#### [PROBLEM REQUIREMENTS]
A line below contains "Résolument intemporelles, les", and a later one contains "Купить Детский складной". Repeat both, with every line between them, exactly.
#### DATA LISTING
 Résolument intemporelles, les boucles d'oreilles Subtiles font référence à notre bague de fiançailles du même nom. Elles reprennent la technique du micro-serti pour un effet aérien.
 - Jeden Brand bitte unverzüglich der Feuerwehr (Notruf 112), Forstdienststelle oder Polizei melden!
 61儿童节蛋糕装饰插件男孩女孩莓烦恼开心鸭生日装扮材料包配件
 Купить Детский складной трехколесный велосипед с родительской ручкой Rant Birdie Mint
########
#### DATA LISTING
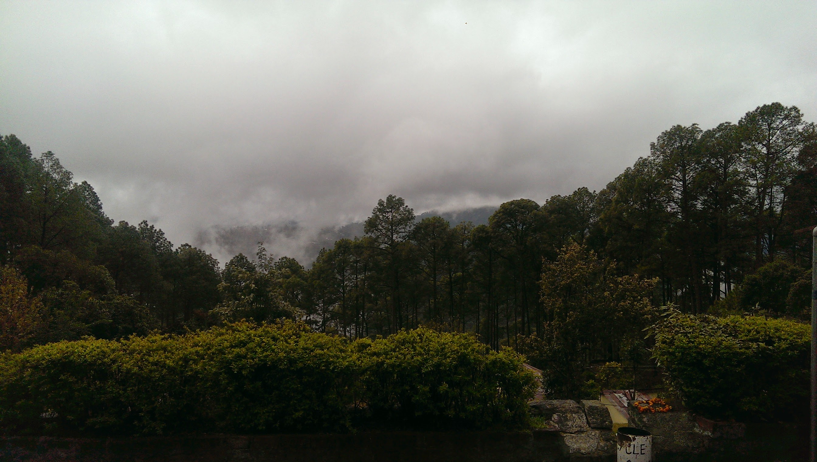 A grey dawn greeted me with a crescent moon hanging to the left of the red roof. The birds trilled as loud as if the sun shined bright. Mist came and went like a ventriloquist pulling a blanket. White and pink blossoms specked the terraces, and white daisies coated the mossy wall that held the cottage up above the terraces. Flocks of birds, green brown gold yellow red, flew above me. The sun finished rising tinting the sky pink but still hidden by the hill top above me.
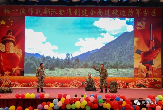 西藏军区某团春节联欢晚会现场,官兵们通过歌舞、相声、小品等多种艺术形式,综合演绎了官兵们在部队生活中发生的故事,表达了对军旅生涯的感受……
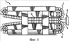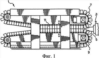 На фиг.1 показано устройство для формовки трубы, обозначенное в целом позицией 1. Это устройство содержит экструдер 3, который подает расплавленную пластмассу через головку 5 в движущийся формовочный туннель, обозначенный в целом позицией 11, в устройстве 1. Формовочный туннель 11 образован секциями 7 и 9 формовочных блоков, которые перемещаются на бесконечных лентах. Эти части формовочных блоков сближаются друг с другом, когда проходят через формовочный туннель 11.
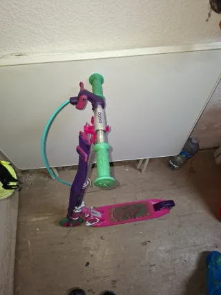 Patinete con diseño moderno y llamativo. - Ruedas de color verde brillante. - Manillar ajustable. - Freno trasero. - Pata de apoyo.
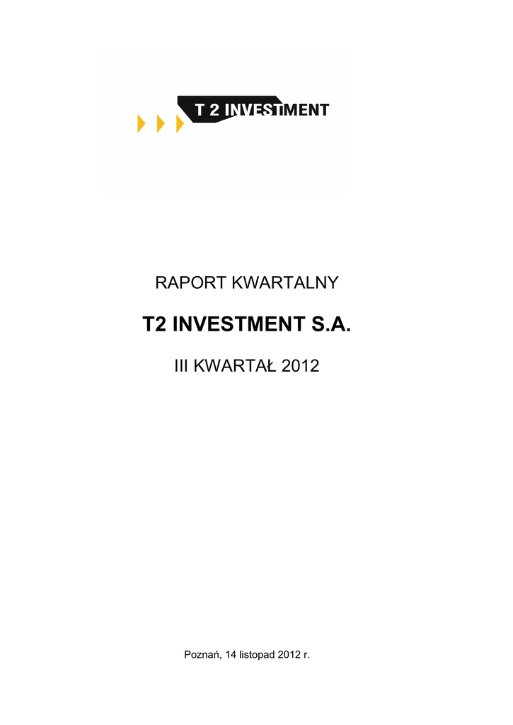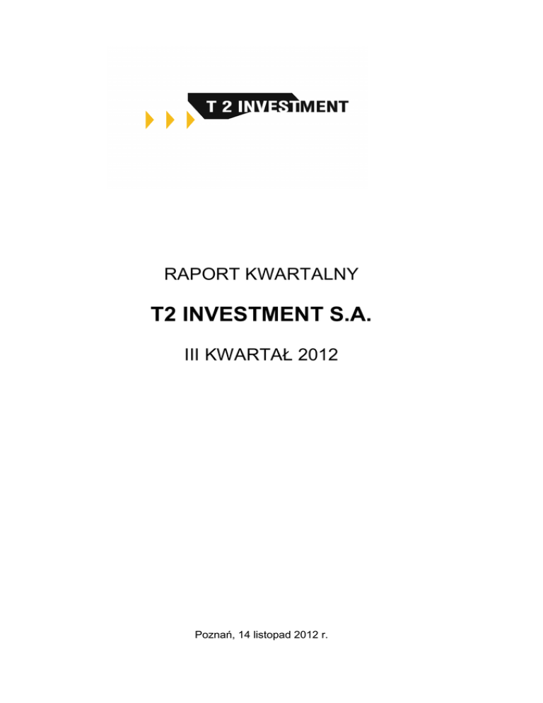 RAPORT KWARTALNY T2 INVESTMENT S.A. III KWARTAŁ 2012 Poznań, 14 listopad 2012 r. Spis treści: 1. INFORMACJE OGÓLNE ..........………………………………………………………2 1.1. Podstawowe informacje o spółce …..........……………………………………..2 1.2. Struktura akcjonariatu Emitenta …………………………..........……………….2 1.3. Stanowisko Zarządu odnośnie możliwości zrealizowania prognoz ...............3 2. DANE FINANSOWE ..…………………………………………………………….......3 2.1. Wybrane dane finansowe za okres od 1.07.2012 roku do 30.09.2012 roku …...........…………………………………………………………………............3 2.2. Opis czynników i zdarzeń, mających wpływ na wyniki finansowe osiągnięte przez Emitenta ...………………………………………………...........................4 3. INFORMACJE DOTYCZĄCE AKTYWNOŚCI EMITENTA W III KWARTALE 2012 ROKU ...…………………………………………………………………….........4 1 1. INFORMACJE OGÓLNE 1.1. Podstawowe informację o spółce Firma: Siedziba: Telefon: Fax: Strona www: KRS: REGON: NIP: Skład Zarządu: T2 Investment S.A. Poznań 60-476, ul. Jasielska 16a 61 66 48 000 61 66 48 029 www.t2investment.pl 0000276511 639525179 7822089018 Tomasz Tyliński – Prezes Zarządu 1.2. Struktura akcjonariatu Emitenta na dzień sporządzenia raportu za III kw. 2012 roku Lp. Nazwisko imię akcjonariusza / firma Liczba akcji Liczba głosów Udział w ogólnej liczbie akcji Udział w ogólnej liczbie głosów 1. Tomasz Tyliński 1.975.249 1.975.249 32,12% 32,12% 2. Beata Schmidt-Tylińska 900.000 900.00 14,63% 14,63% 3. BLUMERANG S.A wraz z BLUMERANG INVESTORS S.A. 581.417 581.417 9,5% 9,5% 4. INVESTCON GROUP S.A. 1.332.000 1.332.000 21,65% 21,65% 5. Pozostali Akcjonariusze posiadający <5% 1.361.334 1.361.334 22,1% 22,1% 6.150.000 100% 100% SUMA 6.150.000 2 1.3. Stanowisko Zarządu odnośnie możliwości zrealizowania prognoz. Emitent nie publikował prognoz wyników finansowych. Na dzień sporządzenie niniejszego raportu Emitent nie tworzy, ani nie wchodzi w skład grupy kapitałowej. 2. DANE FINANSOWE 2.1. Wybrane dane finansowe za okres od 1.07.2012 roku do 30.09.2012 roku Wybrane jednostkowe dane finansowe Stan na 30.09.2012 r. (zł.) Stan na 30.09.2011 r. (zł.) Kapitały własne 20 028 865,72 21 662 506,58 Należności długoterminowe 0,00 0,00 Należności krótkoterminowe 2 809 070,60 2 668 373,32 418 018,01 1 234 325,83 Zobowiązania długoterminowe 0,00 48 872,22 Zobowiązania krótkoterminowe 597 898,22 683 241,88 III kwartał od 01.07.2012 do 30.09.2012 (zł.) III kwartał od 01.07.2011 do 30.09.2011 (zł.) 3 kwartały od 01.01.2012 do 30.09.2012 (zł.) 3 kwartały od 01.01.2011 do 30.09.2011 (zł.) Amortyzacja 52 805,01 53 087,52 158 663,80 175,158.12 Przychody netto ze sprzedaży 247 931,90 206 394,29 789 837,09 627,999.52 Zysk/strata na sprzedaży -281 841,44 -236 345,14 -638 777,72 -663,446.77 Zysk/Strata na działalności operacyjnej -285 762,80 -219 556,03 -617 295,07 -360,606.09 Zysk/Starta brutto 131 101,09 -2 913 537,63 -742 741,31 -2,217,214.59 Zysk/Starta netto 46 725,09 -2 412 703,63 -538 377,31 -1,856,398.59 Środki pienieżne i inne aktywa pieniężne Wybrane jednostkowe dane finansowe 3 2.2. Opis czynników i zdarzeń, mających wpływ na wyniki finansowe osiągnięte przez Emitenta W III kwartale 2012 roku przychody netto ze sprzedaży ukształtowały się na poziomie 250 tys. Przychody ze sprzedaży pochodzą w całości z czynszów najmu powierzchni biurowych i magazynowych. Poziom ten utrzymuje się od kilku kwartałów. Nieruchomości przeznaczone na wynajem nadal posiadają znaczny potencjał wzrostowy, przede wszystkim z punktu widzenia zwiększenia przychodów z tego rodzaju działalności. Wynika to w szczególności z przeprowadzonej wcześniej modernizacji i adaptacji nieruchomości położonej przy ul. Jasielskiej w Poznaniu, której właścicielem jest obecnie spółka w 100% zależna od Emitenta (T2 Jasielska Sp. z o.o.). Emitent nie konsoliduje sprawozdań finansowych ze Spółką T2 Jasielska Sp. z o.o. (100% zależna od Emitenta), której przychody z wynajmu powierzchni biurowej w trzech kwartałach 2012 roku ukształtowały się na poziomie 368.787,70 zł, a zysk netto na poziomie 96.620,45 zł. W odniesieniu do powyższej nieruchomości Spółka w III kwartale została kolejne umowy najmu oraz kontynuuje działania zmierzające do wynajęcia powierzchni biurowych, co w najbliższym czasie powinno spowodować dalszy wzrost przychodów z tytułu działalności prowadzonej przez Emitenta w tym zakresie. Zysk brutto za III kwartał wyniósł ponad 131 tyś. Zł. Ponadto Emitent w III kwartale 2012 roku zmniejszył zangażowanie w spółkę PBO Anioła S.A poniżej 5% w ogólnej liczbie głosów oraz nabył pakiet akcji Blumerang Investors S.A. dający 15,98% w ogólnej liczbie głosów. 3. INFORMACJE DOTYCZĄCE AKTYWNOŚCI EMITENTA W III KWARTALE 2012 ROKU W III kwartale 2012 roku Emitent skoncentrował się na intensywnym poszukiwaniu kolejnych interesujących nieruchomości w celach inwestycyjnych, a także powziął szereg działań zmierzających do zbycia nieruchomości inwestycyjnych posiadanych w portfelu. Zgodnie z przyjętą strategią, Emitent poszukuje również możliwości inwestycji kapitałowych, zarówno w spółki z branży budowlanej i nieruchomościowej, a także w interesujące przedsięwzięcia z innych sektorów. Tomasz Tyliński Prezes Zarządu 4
########
#### DATA LISTING
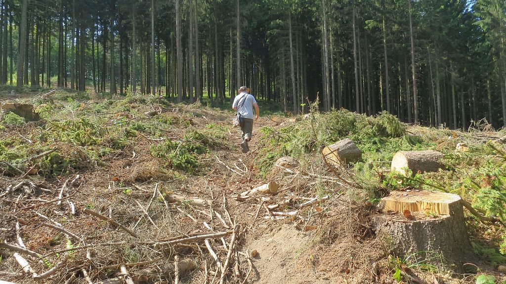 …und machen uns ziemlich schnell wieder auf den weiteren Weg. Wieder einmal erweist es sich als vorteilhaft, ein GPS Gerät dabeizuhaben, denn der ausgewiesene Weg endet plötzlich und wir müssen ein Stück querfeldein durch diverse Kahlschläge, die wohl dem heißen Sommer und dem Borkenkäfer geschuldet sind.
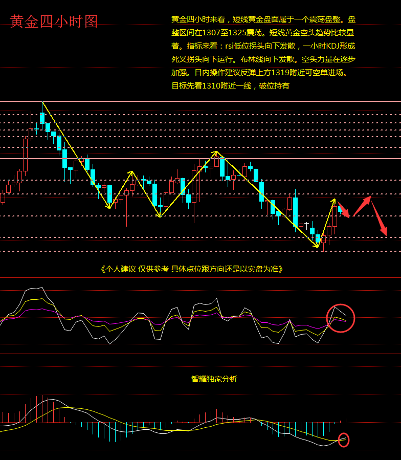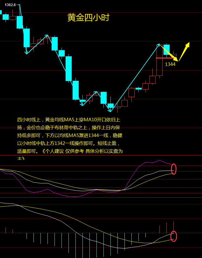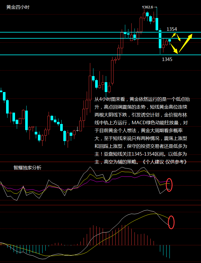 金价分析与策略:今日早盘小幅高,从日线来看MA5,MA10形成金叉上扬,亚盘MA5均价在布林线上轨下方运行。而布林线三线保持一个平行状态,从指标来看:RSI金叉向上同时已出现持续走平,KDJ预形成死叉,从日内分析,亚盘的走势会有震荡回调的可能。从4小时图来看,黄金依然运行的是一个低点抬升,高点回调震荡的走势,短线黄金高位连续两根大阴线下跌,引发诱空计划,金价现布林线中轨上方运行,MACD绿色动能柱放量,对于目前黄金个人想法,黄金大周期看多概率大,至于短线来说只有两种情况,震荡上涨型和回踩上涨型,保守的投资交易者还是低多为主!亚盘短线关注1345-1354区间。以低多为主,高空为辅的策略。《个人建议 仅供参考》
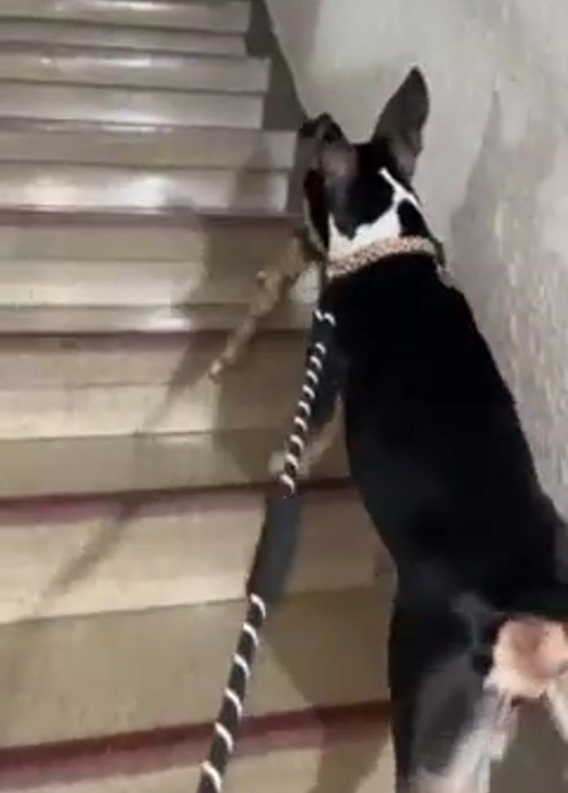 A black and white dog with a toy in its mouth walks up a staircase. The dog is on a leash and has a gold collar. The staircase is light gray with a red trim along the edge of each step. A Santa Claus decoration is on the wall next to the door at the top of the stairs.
########
#### [SOLUTION FOR THIS PROBLEM]
 Résolument intemporelles, les boucles d'oreilles Subtiles font référence à notre bague de fiançailles du même nom. Elles reprennent la technique du micro-serti pour un effet aérien.
 - Jeden Brand bitte unverzüglich der Feuerwehr (Notruf 112), Forstdienststelle oder Polizei melden!
 61儿童节蛋糕装饰插件男孩女孩莓烦恼开心鸭生日装扮材料包配件
 Купить Детский складной трехколесный велосипед с родительской ручкой Rant Birdie Mint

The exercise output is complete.